Windows users may need to enable Developer Mode in Claude Desktop via the Help menu so the server can write audio files.

Other MCP clients (Cursor, Windsurf, OpenAI Agents)

pip install elevenlabs-mcp
python -m elevenlabs_mcp --api-key=YOUR_KEY --print

The --print flag outputs the JSON snippet you can paste into your client's MCP config.

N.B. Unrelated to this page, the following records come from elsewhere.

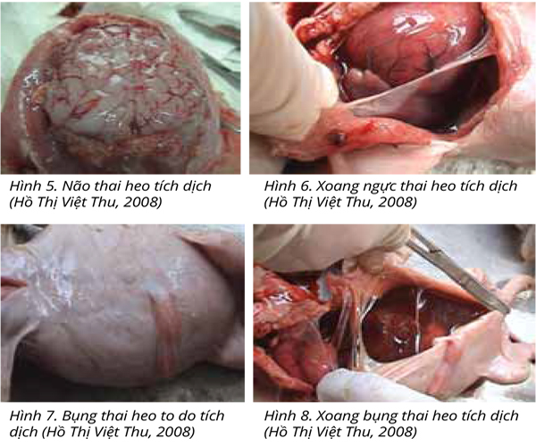 Bệnh tích không được ghi nhận ở heo nái bị nhiễm bệnh sau khi đẻ. Tuy nhiên, bệnh lý được ghi nhận chủ yếu là những bất thường của lứa đẻ từ những heo nái bị nhiễm vi-rút trong thời gian mang thai. Bệnh tích đại thể đáng chú ý là thai chết hoặc heo con sinh ra yếu ớt do viêm não tích dịch (hình 5), phù thũng ở da, tích nước xoang ngực (hình 6), xoang bụng (hình 7, hình 8), xuất huyết ở tương mạc, hạch lâm ba sung huyết, hoại tử ở gan và lách, sung huyết ở màng não và tủy sống (Burn, 1950). Nếu quan sát kỹ có thể thấy hệ thần kinh trung ương giảm sản ở một số vùng với biểu hiện võ não cực mỏng ở những heo con bị viêm não tích dịch (Shimizu và cộng sự, 1954). Ở heo nọc, dịch hoàn viêm, có nhiều dịch nhầy ở màng bao dịch hoàn, đồng thời có lớp fibrin dày ở mào tinh cũng như màng trong của bao dịch hoàn.
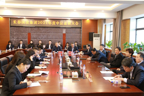 為貫徹落實中央和省、市國資委關(guān)于國企改革三年行動相關(guān)文件精神,按照集團三項制度改革要求,加強中層干部隊伍建設(shè),強化完善全員績效考核機制,1月20日,國投集團在九樓會議室召開2021年度中層述職大會。集團領(lǐng)導(dǎo)班子、全體中層干部及員工共45人出席會議。
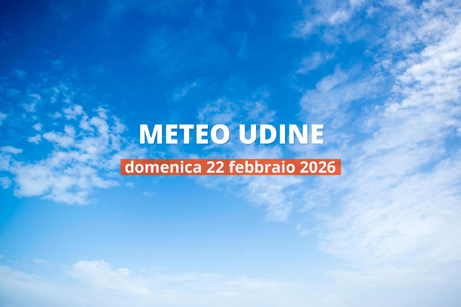 Udine - bollettino meteo di oggi (domenica 22/02/2026) Domenica a Udine si preannuncia fresco. Nel momento più caldo della giornata, intorno alle 14:00, i termometri segneranno 13°C. La temperatura minima si registrerà intorno alle 5:00 e sarà di 1°C.
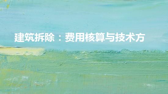 建筑拆除前的费用核算和技术方案需要在拆除前进行充分的准备和计划。主要的费用核算包括工程造价估算、材料和设备清单、劳动力和物资成本等。技术方案的制定涉及拆除方式、安全措施、污染防治、废弃物处理和环保施工等方面。
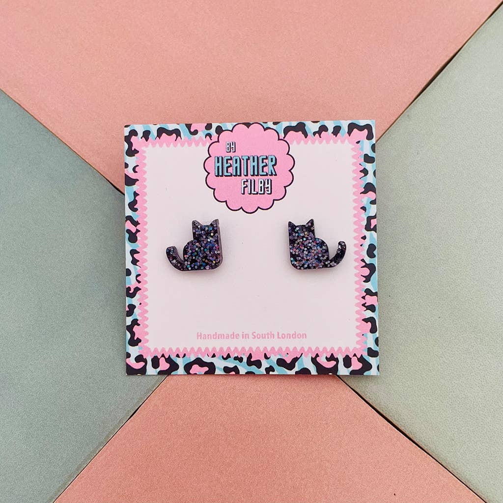 Black Cat Glitter Stud Earrings - Best Seller - Violet Elizabeth - Jewellery
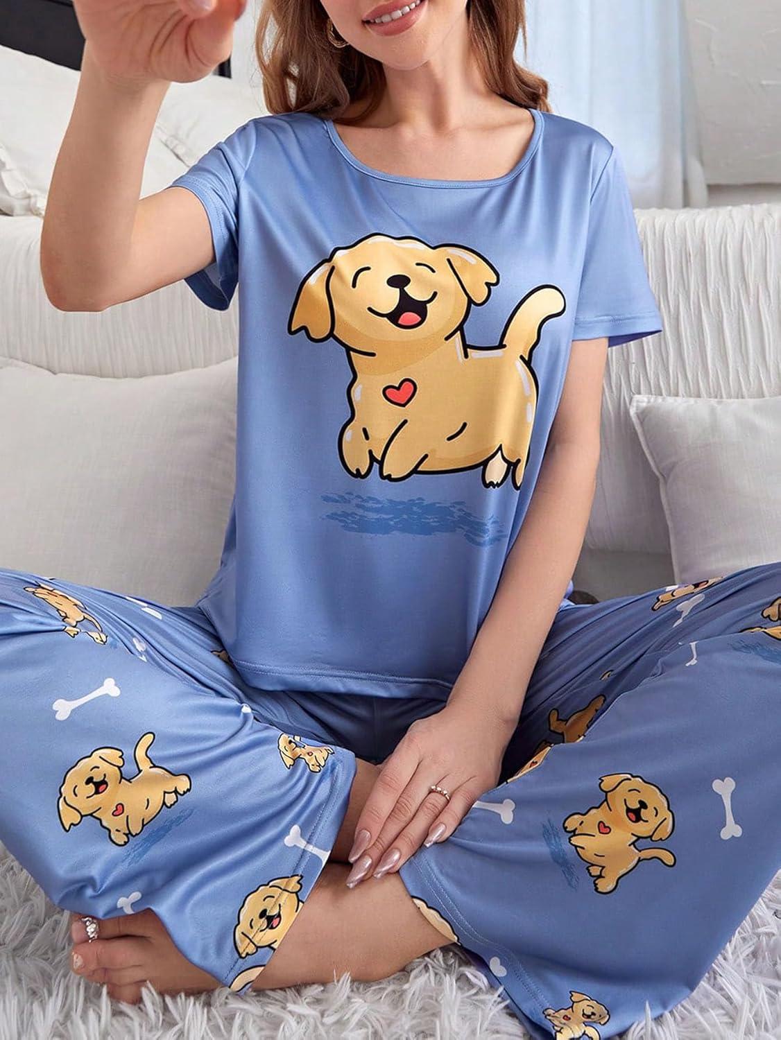 Floerns Women’s Cartoon Print Short Sleeve Top with Long Pants Two Piece Pajama Sets(Mauve Purple Dog)
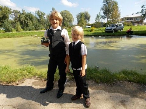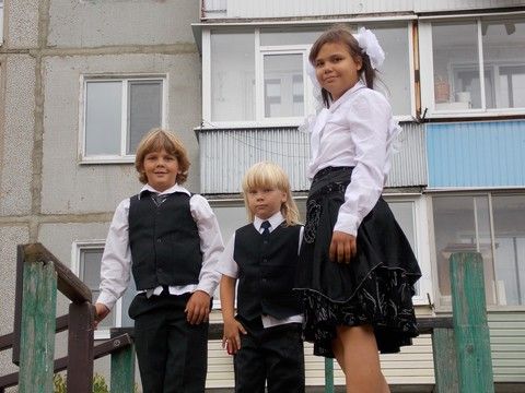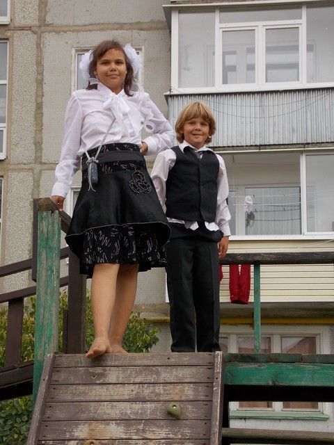 Детки красивые и нарядные! Форма необычная у вас.В наших школах всё серое, кроме белых рубашек и блуз.
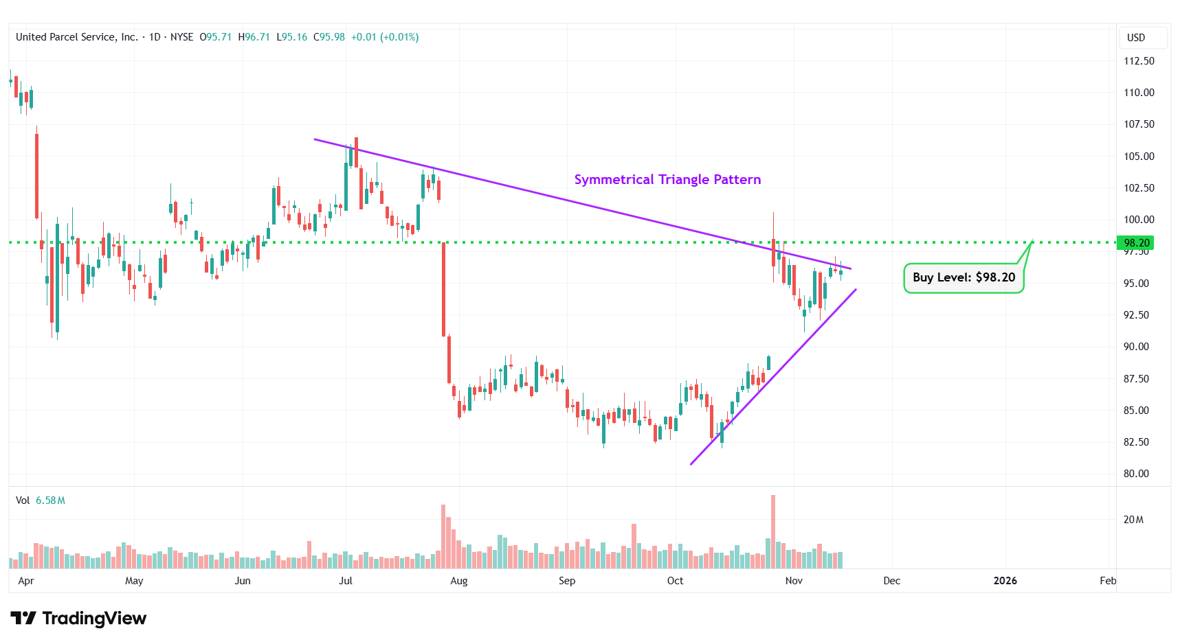 | 3 | United Parcel Service, Inc. | NYSE: UPS | $95.98 | $98.20 | Symmetrical Triangle Pattern |
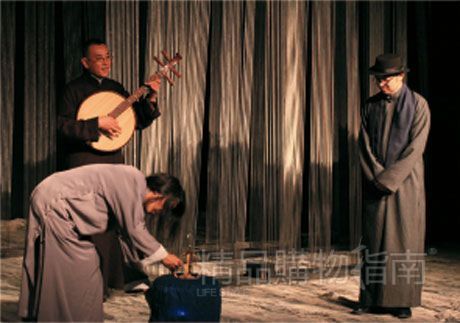 而为了让这个戏更加好玩,方旭还请来了两位“爷”——中阮演奏大师冯满天老师和中国曲艺团的三弦演奏家高建民老师,请他们来进行现场即兴的配乐。“阮有着非常丰富的表现力,非琴不是筝,暗藏吉他声。整体音乐气质与这部作品结合得非常完美。而三弦的声音透着地道的京味儿,阮和三弦在音色上的差别使音乐在戏剧演出过程中有了形象的特质。”
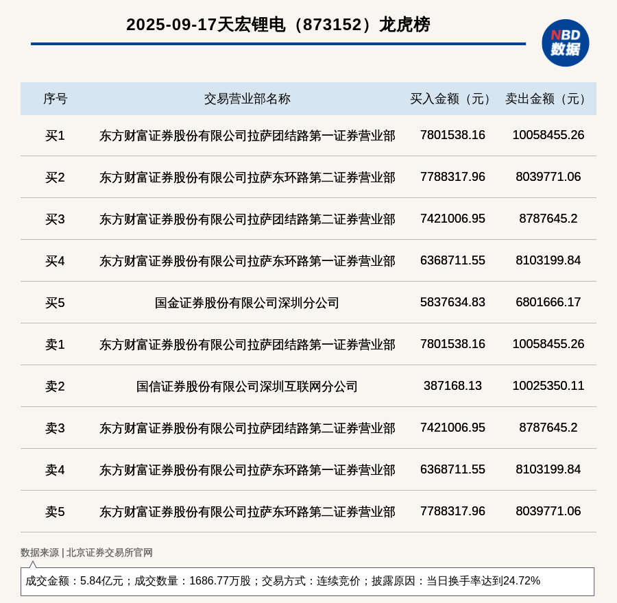 每經(jīng)訊,2025年9月17日,北交所上市公司天宏鋰電(873152,收盤價:34.25元)登上龍虎榜,交易方式是連續(xù)競價,披露原因是當(dāng)日換手率達(dá)到24.72%,成交數(shù)量1686.77萬股,成交金額5.84億元。買一席位為東方財富證券股份有限公司拉薩團(tuán)結(jié)路第一證券營業(yè)部,買入780.15萬元;賣一席位為東方財富證券股份有限公司拉薩團(tuán)結(jié)路第一證券營業(yè)部,賣出1005.85萬元。
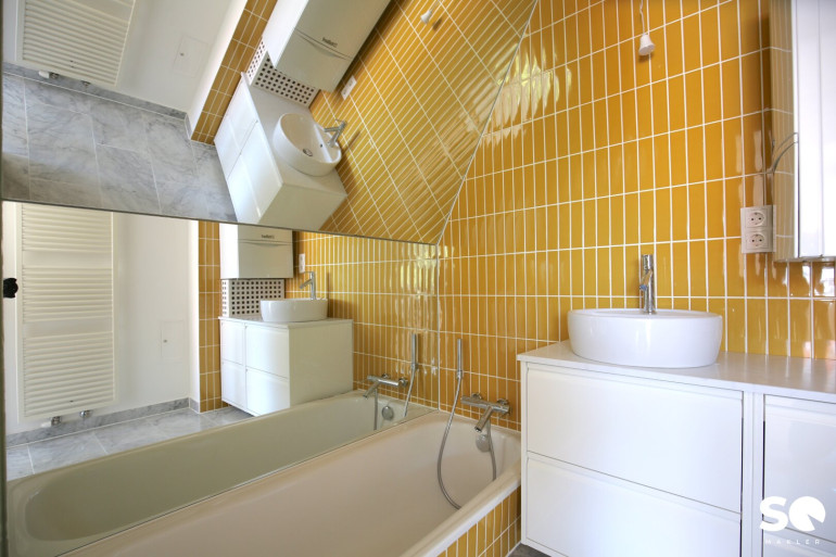 Genießen Sie auf der ca. 26 m² großen Terrasse einen atemberaubenden Blick ins Grüne. Der Weitblick Richtung Hügelpark und Küniglberg sorgt für eine einzigartige Atmosphäre. - Luxuriöses Badezimmer mit Tageslicht

Optional environment variables

ELEVENLABS_MCP_BASE_PATH: directory where audio files are written (default: ~/Desktop)
ELEVENLABS_MCP_OUTPUT_MODE: files, resources, or both
ELEVENLABS_API_RESIDENCY: data region (enterprise plans only)

Local development

git clone https://github.com/elevenlabs/elevenlabs-mcp
cd elevenlabs-mcp
uv venv && source .venv/bin/activate
uv pip install -e ".[dev]"
cp .env.example .env
./scripts/test.sh

Use Cases

Generate narrated audio (voiceovers, podcast intros, audiobook samples) from drafted scripts directly inside an editor like Cursor.
Clone a stakeholder or actor's voice from sample recordings, then produce multilingual voiced content with the cloned voice.
Transcribe meeting recordings or interviews to text with speaker diarization for downstream summarization.
Build and manage ElevenLabs conversational AI agents, attach knowledge bases, and place outbound phone calls via Twilio.
Compose background music and sound effects on demand for video edits, game prototypes, or ad creatives.

Example Prompts

"Read this blog post aloud in Rachel's voice and save the MP3 to my Desktop."
"Clone a voice from the three WAV files in ~/samples and name it 'CEO Voice'."
"Transcribe meeting.mp3 with speaker diarization and give me a summary."
"Create a conversational agent named 'Support Bot' with a friendly system prompt and attach our docs site as a knowledge base."
"Compose a 30 second upbeat electronic track for a product launch video."

Pros

Official server maintained by ElevenLabs covering the full product surface: TTS, STT, voice cloning, voice design, sound effects, music, and conversational agents.
Broad client support: Claude Desktop, Cursor, Windsurf, and OpenAI Agents are explicitly documented.
Flexible output handling (files, base64 resources, or both) and configurable output directory.
Free tier with 10,000 credits per month is enough to evaluate without payment.

Limitations

Some operations like voice design and audio isolation can hit timeouts, especially in development mode.
Generation consumes ElevenLabs credits, so heavy usage requires a paid subscription.
Outbound calling features require additional setup (Twilio or SIP trunk plus a configured phone number).

Alternatives

OpenAI MCP integrations for TTS via the OpenAI audio API.
Cartesia MCP server for low-latency voice synthesis.
Community Whisper-based MCP servers for self-hosted speech-to-text.